Then I was ordering GRO certificates from London, paying professional researchers to collect them for me, as it worked out cheaper than having them mailed to me by the GRO!  Then rather than looking for DNA matches, it was searching through surname interests or through the annually published GRD (Genealogical Research Directory) for shared ancestry.  The good old days.

I said it wasn't continuously.  Interests changed, I lived out life recklessly, and moved on a few times, leaving all behind.  I lost pretty much all of my genealogy.  Meanwhile, digitalisation was coming in fast, indexing increasing, and the Internet was giving birth to online genealogy.  During this birth, I had used an early version of Broderbund Family Tree Maker (it installed on several floppy disks) on a personal computer, and even managed to upload data and a GEDCOM file to a few places.
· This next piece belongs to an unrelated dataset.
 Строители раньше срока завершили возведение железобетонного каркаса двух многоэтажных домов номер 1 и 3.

Then maybe 16 months ago, after ordering a 23andMe test, I picked it up again.  I found my old GEDCOM file on a web archive.  Downloaded it, opened it with open source Gramps software.  It worked!  Since then, I've gathered surviving notes (so many lost), photos, and certificates.  I then discovered a remarkable resource.  Online Genealogy.

Online Genealogy

There are many online resources.  The big providers include Ancestry.com (Ancestry.co.uk), FindMyPast.co.uk, MyHeritage.com, and FamilySearch.org.  All but the latter website are subscription fee based.  Asides from these providers, there are many other services for genealogy online.  Of the above, I have heavily used FindMyPast, FamilySearch, and Ancestry.
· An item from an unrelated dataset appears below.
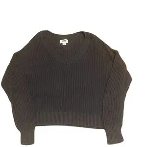 Stay warm and stylish with this cozy black V-neck sweater. Perfect for any occasion and very soft material! VS Pink Dark Grey Knitted Sweater Size Large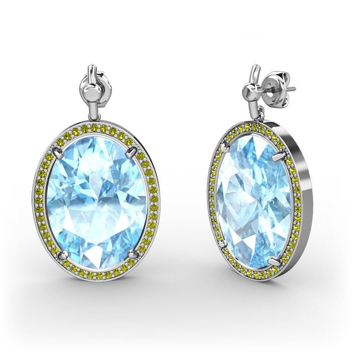 Akuamarin ve peridot 14 ayar beyaz altın küpe

Online Genealogy using Ancestry.com

The big advantage of Online Genealogy is indexing and the database.  Over the past 25 years or so, armies of volunteers and paid researchers, have been reading through microfilmed, microfisches, or digitalised images of masses of parish registers, parish records, wills, criminal registers, state records, military records, Bishop's transcripts, Headstone surveys, and more - from not only England & Wales but from all over the World, where they are available.  They read the names of those recorded, and add them to computer files with references.  Businesses such as Ancestry.com, buy access to these indexes, and often to the original digitalised images if they exist.  These are all added to their own database.  Their customers search, and find ancestors.

A Few Problems

  1. I can report this for English records, for which I have a lot of experience. The record is still very incomplete.  You might see a Joe Bloggs, but is it your ancestor Joe Bloggs?  Many of the parish records were missing, or damaged.  Parish chests in cold churches can be damp places, the registers pulled out for every baptism, marriage, or burial, thumbed through by all.  Paper was valuable in older records, and the priests and clerks cram their little scribbled lines in them.  There were stories of vicar's wife's using old registers to kindle the fire in the vicarage.  In addition, not ALL parish registers are online at any one depository.  I've noticed that Ancestry.com is very good for Norfolk registers, but abysmal for Suffolk.  FindMyPast is good for Berkshire records.  They are far from complete records.  In addition, some ancestors were not in any parish records.  They were rogues on the run, vagabonds, or even more often ... non-conformists.  Some priests were lazy.  All of this on top of those many missing or damaged records.
  2. The indexers were human beings.  Sometimes volunteers, sometimes more recently I suspect, poorly paid human beings outside of Europe (is this the case?)  They vary in skill at reading 18th century, 17th, even 16th century hand writing that has been scribbled down in often damaged records.  The database searches for names that sound similar (to a computer program), but they miss so many that are incorrectly transcribed.  Try to read through the original images if you can.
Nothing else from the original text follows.